术前计算机断层扫描发现的阑尾周围积液可作为间歇性阑尾切除术的指征:一项回顾性研究

急性阑尾炎的治疗策略,例如紧急阑尾切除术(EA)、间隔阑尾切除术(IA)和重复非手术治疗(NOM),是有争议的。在这项研究中,我们检查了可用于区分哪些患者应该接受 IA 的术前因素。我们回顾性确定了 2010 年 1 月至 2021 年 12 月在我院接受阑尾炎手术的 902 例患者。其中 776 例患者纳入本研究。患者分为两组:术前计算机断层扫描显示阑尾周围积液(PAFC)的患者(PAFC 阳性组,n = 170)和没有 PAFC 的患者(PAFC 阴性组,n = 606)。在每组中,我们比较了接受 EA 和 IA 的患者。在 PAFC 阳性组中,接受 EA 的患者术后并发症发生率明显高于接受 IA 的患者(40.5% vs. 24.0%,p = 0.037)。
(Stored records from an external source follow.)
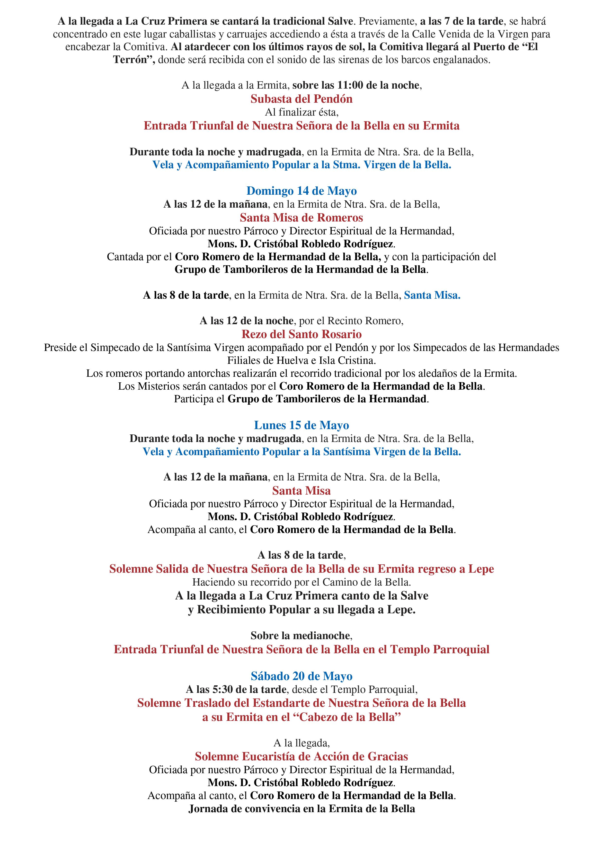 Durante toda la noche y madrugada, en la Ermita de Nuestra Señora de la Bella, Vela y Acompañamiento Popular a la Stma. Virgen de la Bella.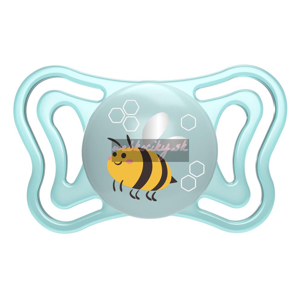 • extrémne mäkká zúžená pätička cumlíka umožňuje dieťaťu zavrieť ústa a redukuje riziko nerovnomerných zubných oblúkov (je ortodonticky korektná)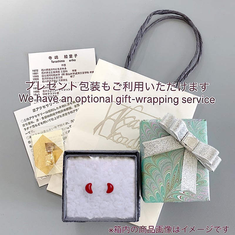 2024.10.18紅里工房では、漆や螺鈿ジュエリーのプレゼント包装も承っております。 大切な方へ贈り物や、ご自分へのご褒美には、既製品のようにどこでも手に入るものではなく、世界にひとつだけの漆アクセサリーや螺鈿ジュエリーがふさわしいでしょう。 どのジュエリーも、ほかには無い美しい色あいやユニークな形が特徴なので、人目を惹くのは明らか。 趣味の良さやハイセンスをかんじさせる一品ぞろいです。
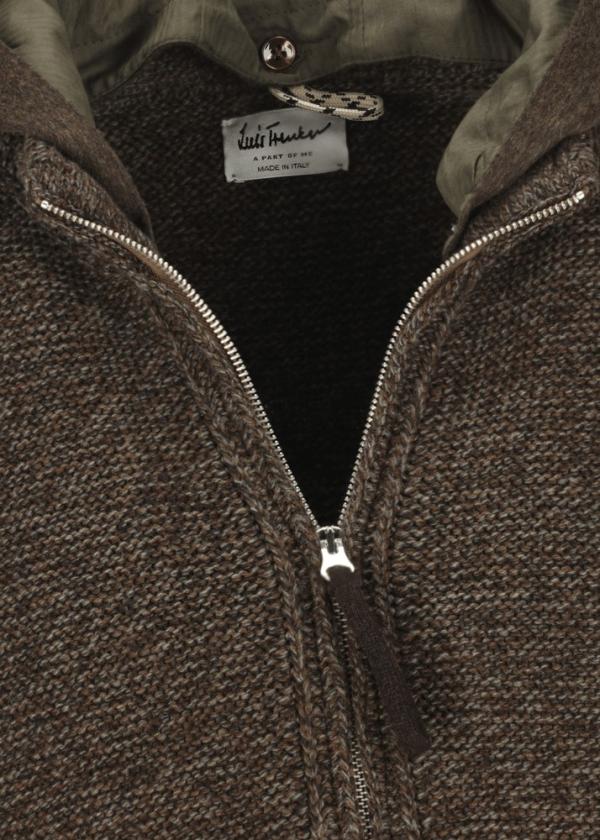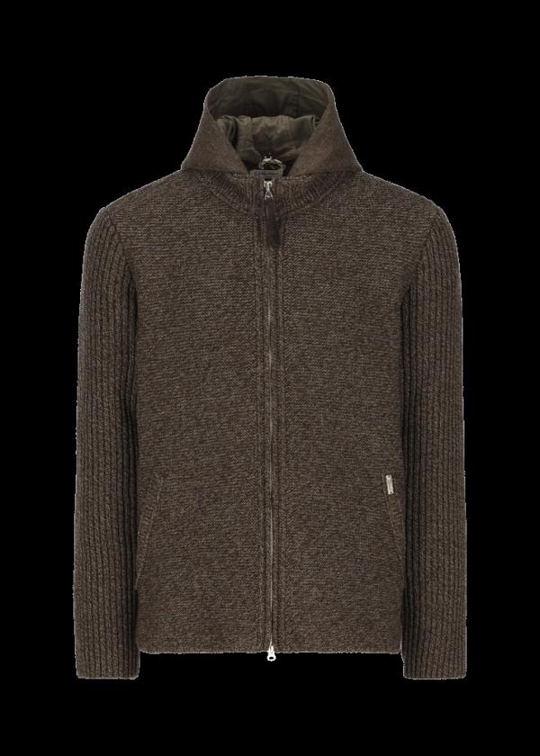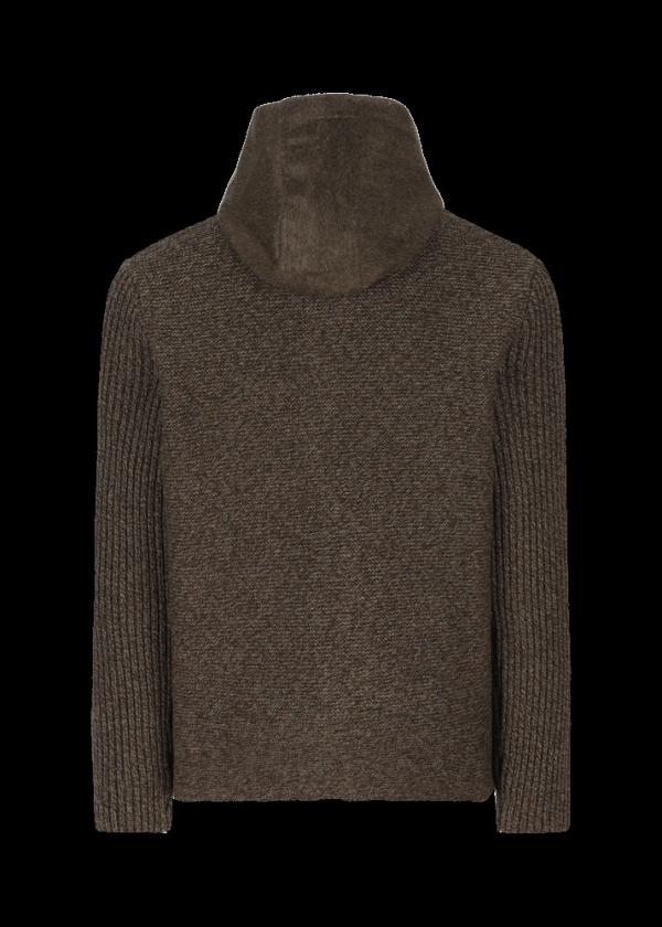 Besonderheiten: Extra Tragekomfort, Vorder- und Hinterseite traditionell im Stil der „Sarner Janker“ links gestrickt, Kapuze aus Loden, Logoplakette in Hornoptik an der linken Tasche

在多变量分析中,只有 PAFC 的存在与术后并发症风险增加显着相关(优势比,7.11;95% 置信区间,2.73-18.60;p < 0.001)。单独存在 PAFC 与 IA 或 NOM 失败的风险增加没有显着相关性(优势比,1.48;95% 置信区间,0.19-11.7;p = 0.71)。PAFC 阳性组病理检查的肿瘤发生率显着高于 PAFC 阴性组(7.6% vs. 1.5%,p < 0.001);PAFC 阳性组的癌症发病率也较高(2.4% 对 0.17%,p = 0.02)。术前计算机断层扫描发现 PAFC 是术后并发症的危险因素,但不是 IA 或 NOM 失败的危险因素。它也与作为阑尾炎病因的肿瘤形成相关。因此,PAFC 阳性可用作 IA 的指征。